§ What to work on: Could you set down the records below exactly as they are, with no pictures?

§ Dataset entries:

|---|

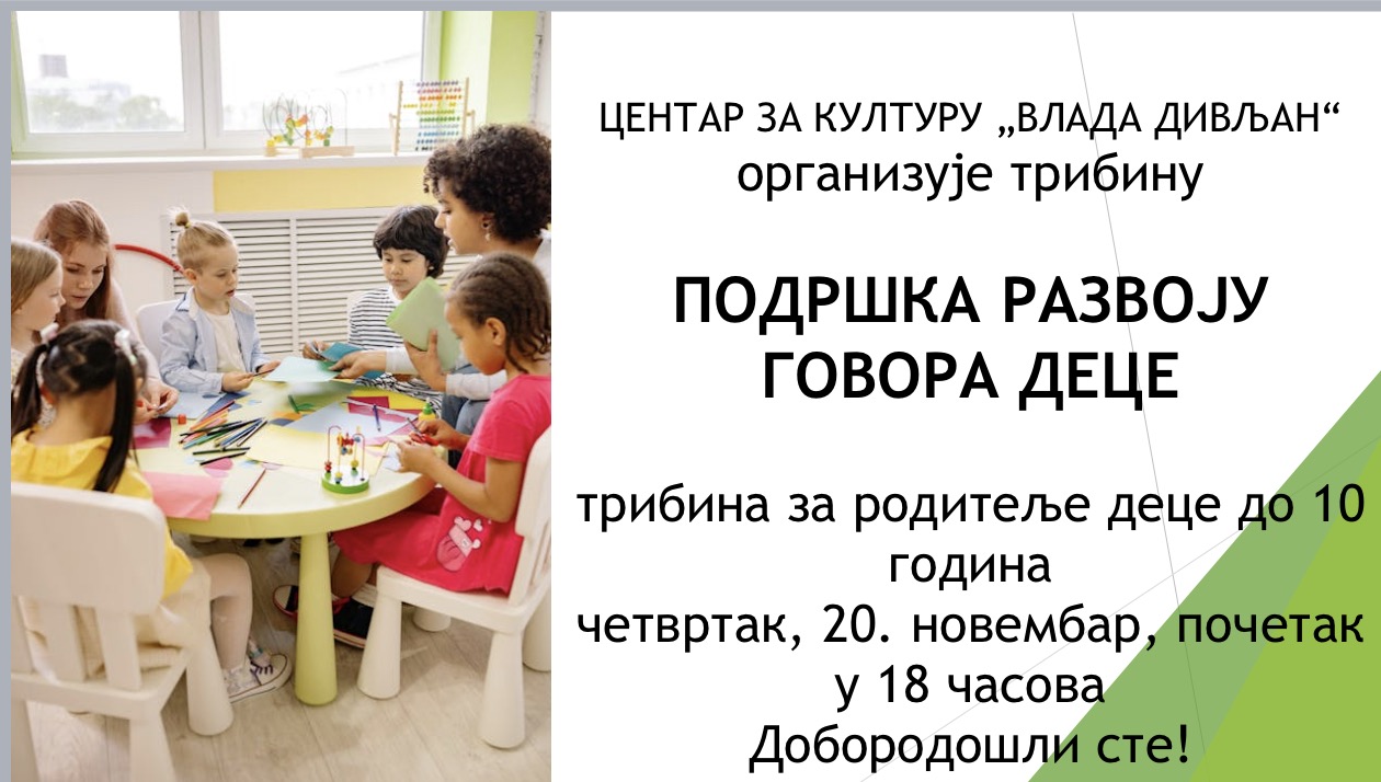 Podrška razvoja govora dece Dešavanja, Izdvajamo, Slajder_home Posted on 3 дана ago by admin Centar za kulturu „Vlada Divljan“ organizuje tribinu za roditelje dece do 10 godina u četvrtak 20.novembra sa početkom u 18 časova Share:
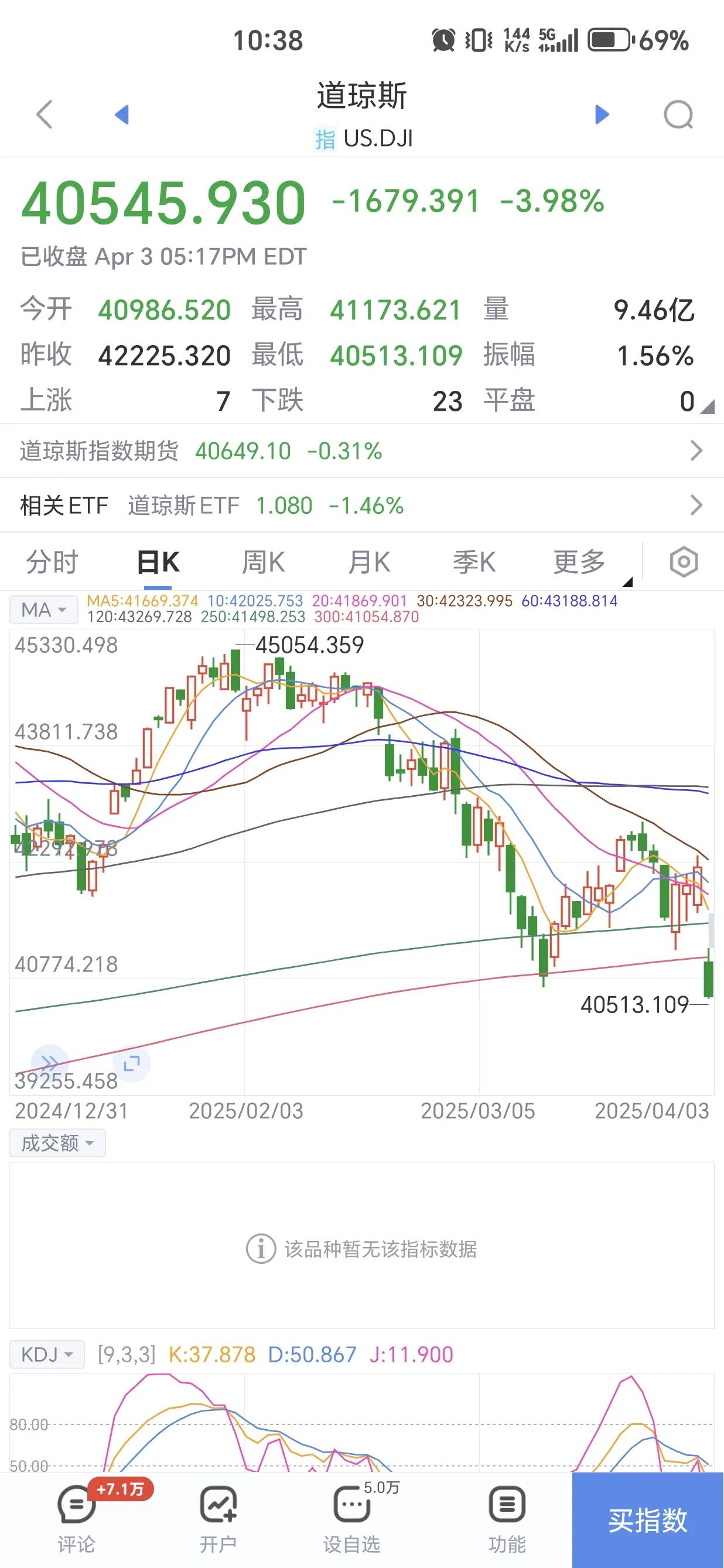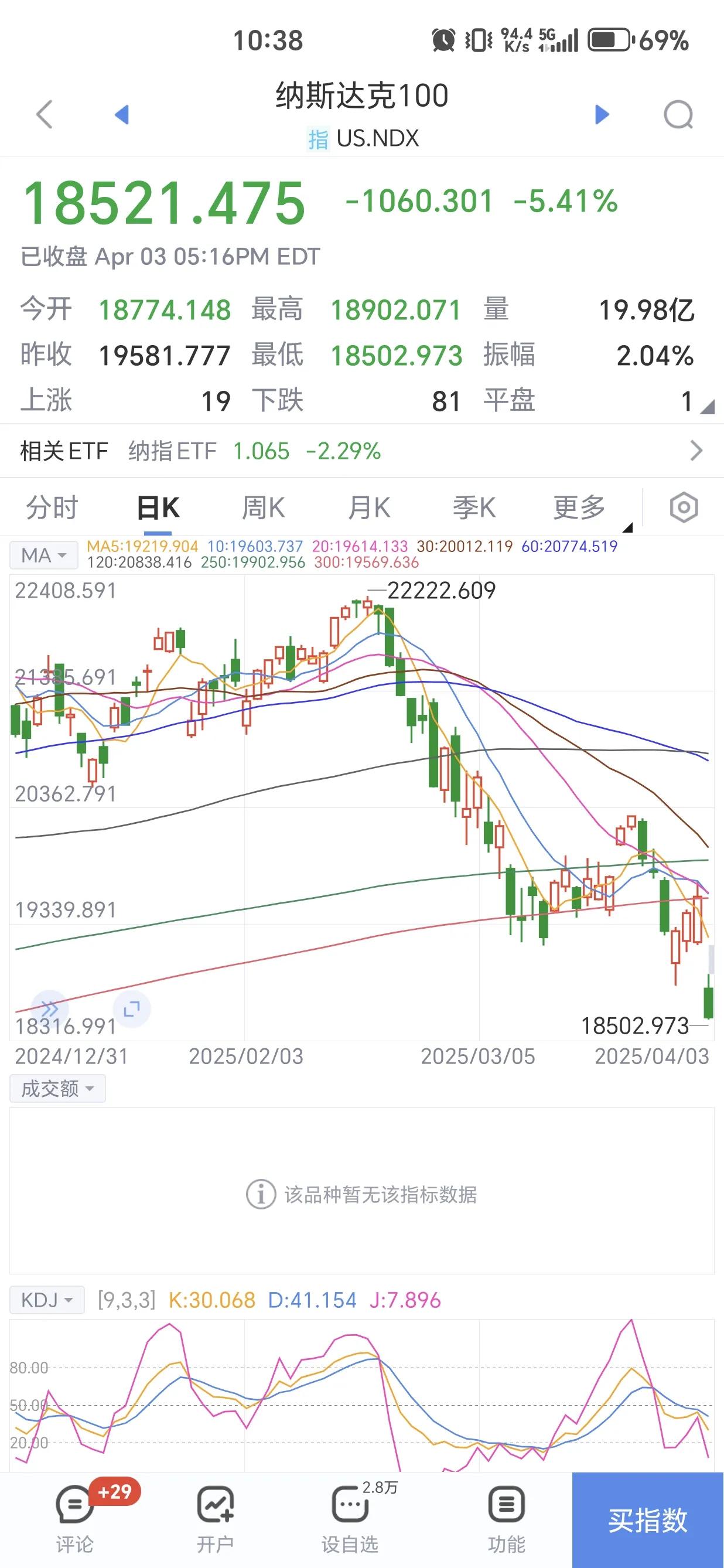 人生与投资什么是有用的思考? 美股暴跌,科技神话值得怀疑??? 昨夜美股在川普关税大棒下暴跌,成为继2020年疫情熔断后最大跌幅。 道指下跌3.98%,纳指下跌5.97%,纳指100下跌5.41%。 美股三大指数均大幅收跌,创2020年3月以来的最大单日跌幅;标普500指数跌4.84%,道指跌3.98%,均为2020年以来的最大单日跌幅。费城半导体指数大跌9.88%,创2020年3月以来最大单日跌幅。KBW银行指数下跌9.86%,创地区性银行危机以来最大跌幅。罗素2000指数下跌6.6%,创下2020年以来最大跌幅。大型科技股普跌,苹果跌超9%,亚马逊、Meta跌逾8%,英伟达跌超7%,特斯拉跌超5%,谷歌跌逾4%,微软跌超2%,奈飞跌超1%;英特尔涨超2%。 美股大跌,且为2020年疫情以来最大跌幅。主要受川普关税政策影响,对全球贸易产生不确定影响。 美股未来怎样? 短期几个月或近一年时间关税会影响并逐步形成新的贸易格局,原本的美国低关税历史结束转而抬高全球商品关税水平或者其他国家降低关税。关税是贸易壁垒的主要原因,美国主动增加进口商品关税,打破长期以来的贸易壁垒,长远看是好事,等于变相降低了关税差距。但是短期引起的波动不可预测。
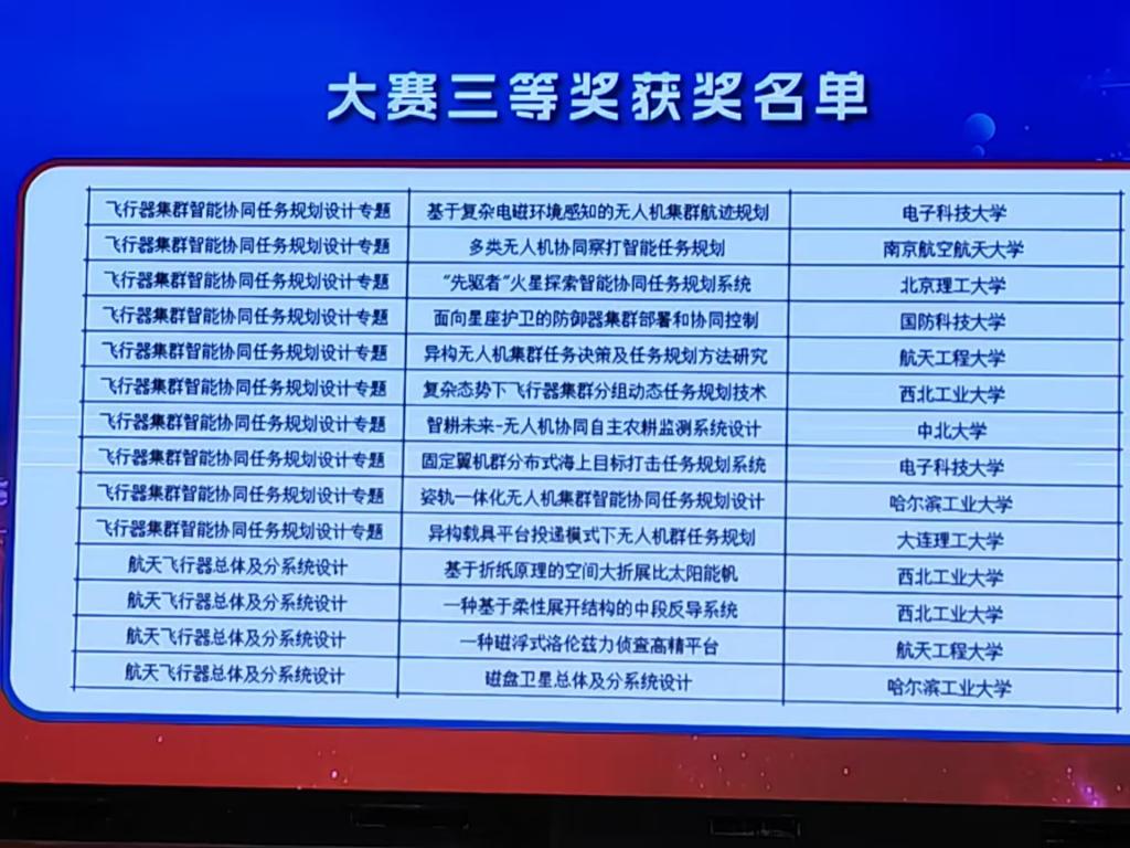 2023年8月20日至24日,“新动航空杯”第九届中国研究生未来飞行器创新大赛决赛在沈阳航空航天大学举办。我校由李京阳老师指导,高舒煜、海日汗、韩雨桐、徐震翰、赵荣珍等研究生完成的“创新型消防无人机设计-JZ系列无人直升机”项目团队、由邵星灵老师指导,朱璟、刘洪城、张飞智等研究生完成的“智耕未来-无人机协同自主农耕监测系统设计”项目团队,在大赛中表现优异,均荣获大赛三等奖,中北大学成为了山西省唯一进入决赛并获奖的高校,同时我校也获得“优秀组织奖”。
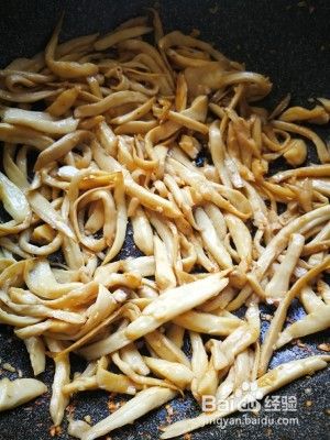 继续翻炒,杏鲍菇会开始收缩,慢慢出来点汤汁
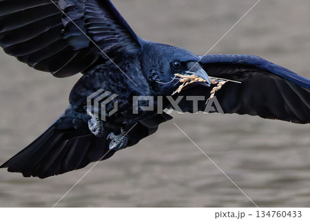 木切れをくわえるカラス(ハシボソガラス)

|---|

§ Solution for this problem:
 Podrška razvoja govora dece Dešavanja, Izdvajamo, Slajder_home Posted on 3 дана ago by admin Centar za kulturu „Vlada Divljan“ organizuje tribinu za roditelje dece do 10 godina u četvrtak 20.novembra sa početkom u 18 časova Share:
 人生与投资什么是有用的思考? 美股暴跌,科技神话值得怀疑??? 昨夜美股在川普关税大棒下暴跌,成为继2020年疫情熔断后最大跌幅。 道指下跌3.98%,纳指下跌5.97%,纳指100下跌5.41%。 美股三大指数均大幅收跌,创2020年3月以来的最大单日跌幅;标普500指数跌4.84%,道指跌3.98%,均为2020年以来的最大单日跌幅。费城半导体指数大跌9.88%,创2020年3月以来最大单日跌幅。KBW银行指数下跌9.86%,创地区性银行危机以来最大跌幅。罗素2000指数下跌6.6%,创下2020年以来最大跌幅。大型科技股普跌,苹果跌超9%,亚马逊、Meta跌逾8%,英伟达跌超7%,特斯拉跌超5%,谷歌跌逾4%,微软跌超2%,奈飞跌超1%;英特尔涨超2%。 美股大跌,且为2020年疫情以来最大跌幅。主要受川普关税政策影响,对全球贸易产生不确定影响。 美股未来怎样? 短期几个月或近一年时间关税会影响并逐步形成新的贸易格局,原本的美国低关税历史结束转而抬高全球商品关税水平或者其他国家降低关税。关税是贸易壁垒的主要原因,美国主动增加进口商品关税,打破长期以来的贸易壁垒,长远看是好事,等于变相降低了关税差距。但是短期引起的波动不可预测。
 2023年8月20日至24日,“新动航空杯”第九届中国研究生未来飞行器创新大赛决赛在沈阳航空航天大学举办。我校由李京阳老师指导,高舒煜、海日汗、韩雨桐、徐震翰、赵荣珍等研究生完成的“创新型消防无人机设计-JZ系列无人直升机”项目团队、由邵星灵老师指导,朱璟、刘洪城、张飞智等研究生完成的“智耕未来-无人机协同自主农耕监测系统设计”项目团队,在大赛中表现优异,均荣获大赛三等奖,中北大学成为了山西省唯一进入决赛并获奖的高校,同时我校也获得“优秀组织奖”。
 继续翻炒,杏鲍菇会开始收缩,慢慢出来点汤汁
 木切れをくわえるカラス(ハシボソガラス)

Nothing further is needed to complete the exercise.